# Main Sewer Line repair



## dphomer1 (Mar 6, 2005)

*you can repair without digging*



Unregistered said:


> Hi,
> 
> We're under contract to buy a home in a major city, and have just done the inspections.
> 
> ...


repair with out digging there is some companies that can put a patch over the hole without doigging. cipp product cure in place lining. Its is cloth resin coated usually heat activated it will harden in place. there is only a few companies that do laterals to house and lot of them that do main lines. dan price usually around 1500


----------



## Teetorbilt (Feb 7, 2004)

dp is right about the repair in place, I've seen it done many times.
Something else that you may want to consider, is the problem yours? In most places your responsibility ends at the property line. If the problem is under a public sidewalk, then it should be the city's problem.


----------



## pipeguy (Nov 22, 2004)

Unregistered said:


> a fiber optic camera video of the sewer line, and it reveals an approx 1 inch by 2 inch oval hole in the sewer line, under the sidewalk adjacent to the street.


Like Teetor suggested, this should be the sewer authority's problem - not the seller's.



Unregistered said:


> He suggests that the cost of repair will be around $15k; is this at all reasonable?


Depending on its depth and proximity to other improvements (both above and below ground) it is entirely reasonable should it need to be removed and replaced.



Unregistered said:


> The other weird thing is that with the repair, the inspector says that the line will be good for another 10-20 years.
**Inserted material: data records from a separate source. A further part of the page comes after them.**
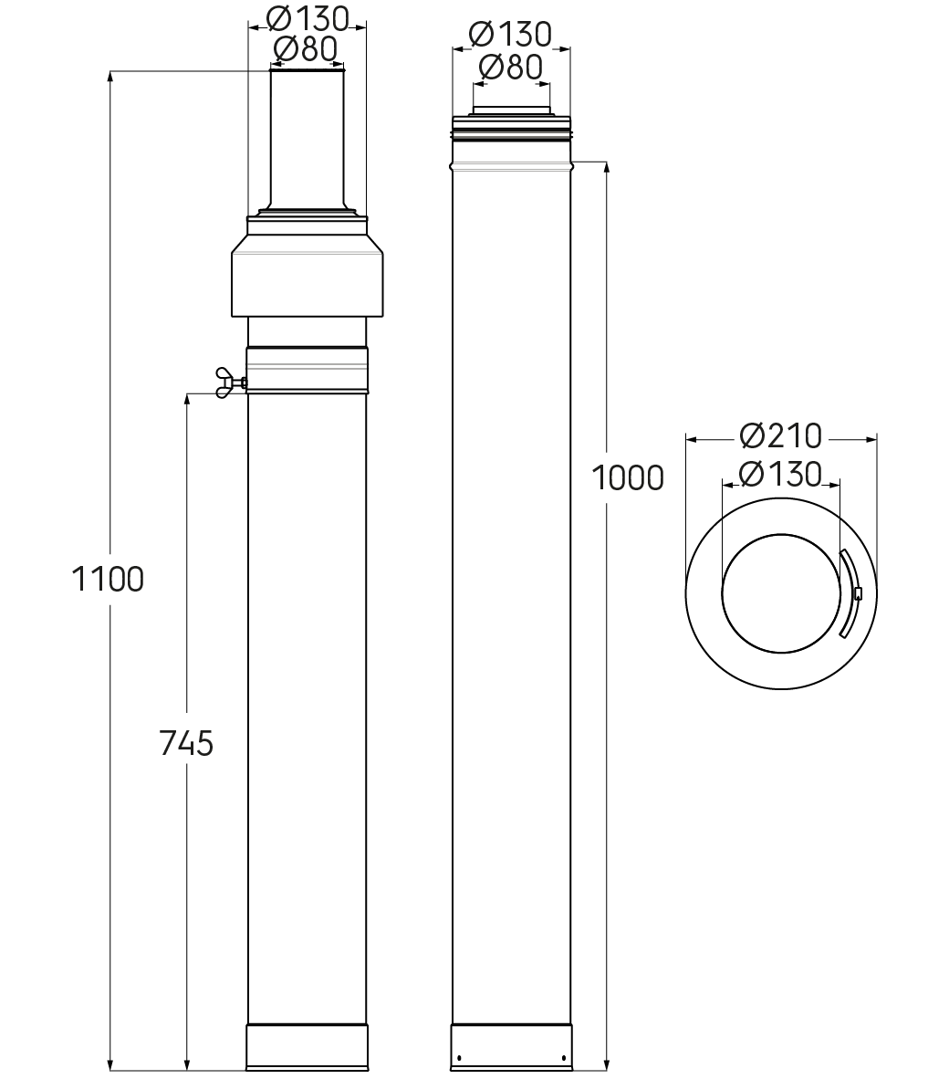 Kit 3CEp de toiture D80/130mm PPtl/acier haut.2500mm avec terminal inox
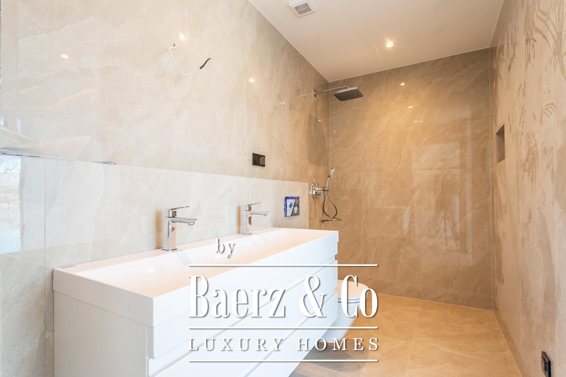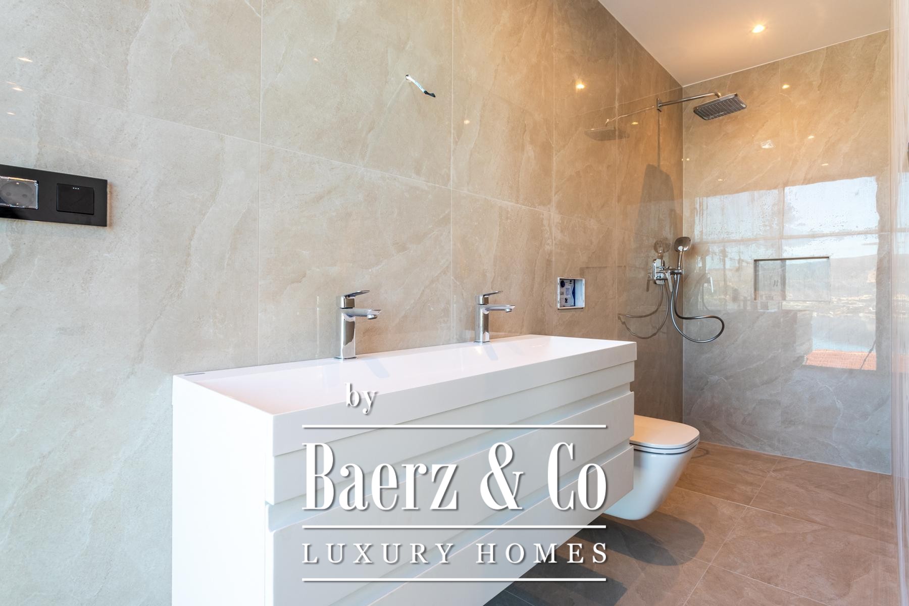 La villa le recibe con un garaje subterráneo para dos vehículos, comunicado de manera discreta con una sala técnica. La planta baja está dedicada a una distribución de planta abierta, donde la cocina, el comedor y la sala de estar se despliegan frente a fachadas acristaladas de suelo a techo. La luz natural inunda cada rincón, con acceso directo a una terraza ajardinada y una piscina climatizada.
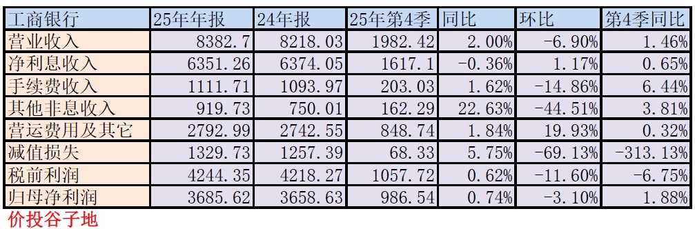 工商银行2025年的年报感觉明显好于2024年,除了净利息收入受外部环境影响微幅下降外,其他各项收入都表现良好。特别是其他非息收入在去年多数同业都负增长的情况下取得正增长22.63%的成绩,表现可圈可点。另外,工行2025年的信用减值计提依旧保持了正增长。这和很多中小银行通过压低减值做高利润增速不同。工行提高信用减值,增加自身应对和处置风险的能力,使得公司的经营更具有长期可持续性。在此基础上收获的净利润同比增长的含金量更高。
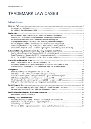 Detailed case summaries of all the trademark cases included in the 2017 Unit Guide, with comparison images and important principles highlighted. Given the lack of past exams available, learning the cases becomes important to analogise and distinguish any fact pattern that arises in the exam. Ideal for exam preparation and working through the portion of the trademark question that will be provided before the exam. These notes include: What is a trademark? Registration; Substantial identity, deceptive similarity, likely deception & confusion; Infringement; Parallel importation; Rectification of the register & removal for non-use; Licensing and ‘Authorised users’.
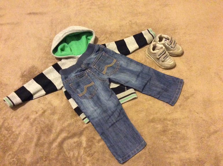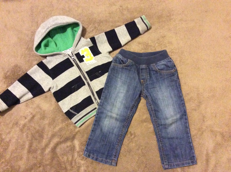 Толстовка marks&spencer ( написано на 1-1,5, но мы носили в 1,5-2 годика), носили активно, но отразилось это только на буковке потертой. 250руб
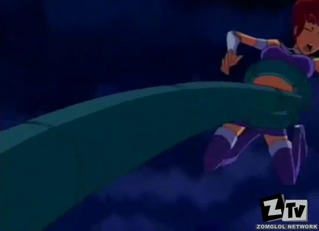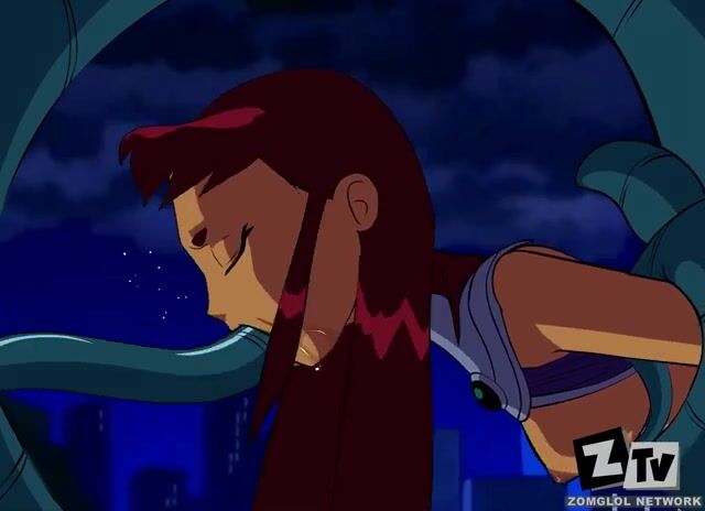 The town was attacked by a huge monster like Godzilla. He wanted to destroy all the houses, so Raven and Starfire from Teen Titans came out to fight him. The girls could have defeated the monster, but he released a lot of tentacles and they fucked them in all their holes.
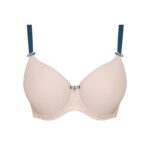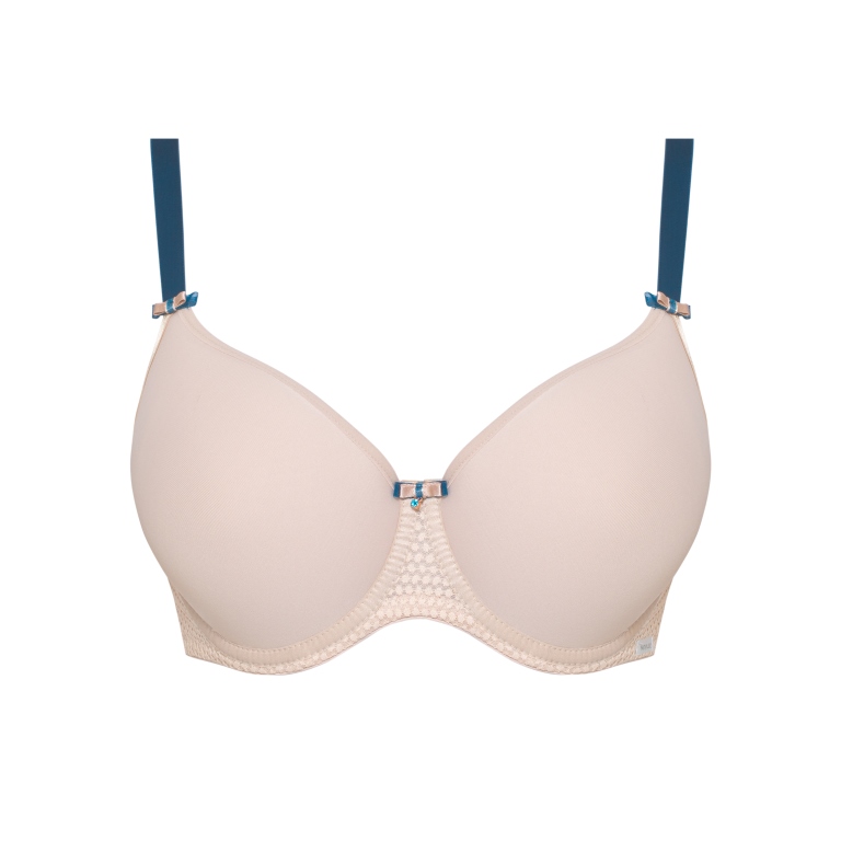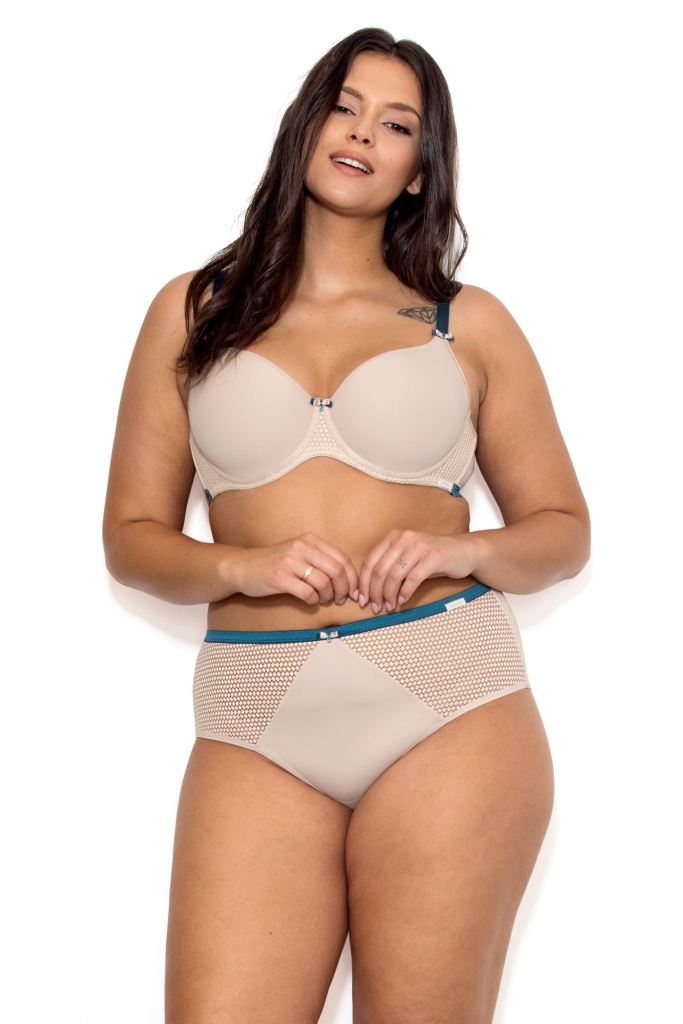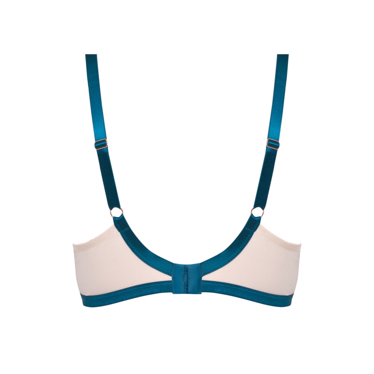 Бюстгальтер из гибридной пены сочетание чашки спейсер и формованной чашки, на косточках, с внутренней стороны чашки боковая поддержка, внешняя сторона чашек гладкая. Бретельки контрастного цвета пришиты, регулируются по длине. На спинке контрастные резинки, застжка на удлинитель, количество крючков в ряду застжки увеличивается пропорционально размеру бюстгальтера.

The house was built in the early 1950s. !


IMO, this is a dubious representation; particularly in light of the existing failure. Are there 100 year old sewer pipes?...absolutely. Will yours last to age 65?...without inspecting it along its entire length, both inside and out, it's impossible to know.

Cured-in-place liners do not remedy substantial structural failures - they only rehabilitate the interior lining thereby sealing nominal leaks, retarding further corrosion and restoring efficient flow. If a pipe has suffered significant structural degradation, a new liner isn't a long term answer.


----------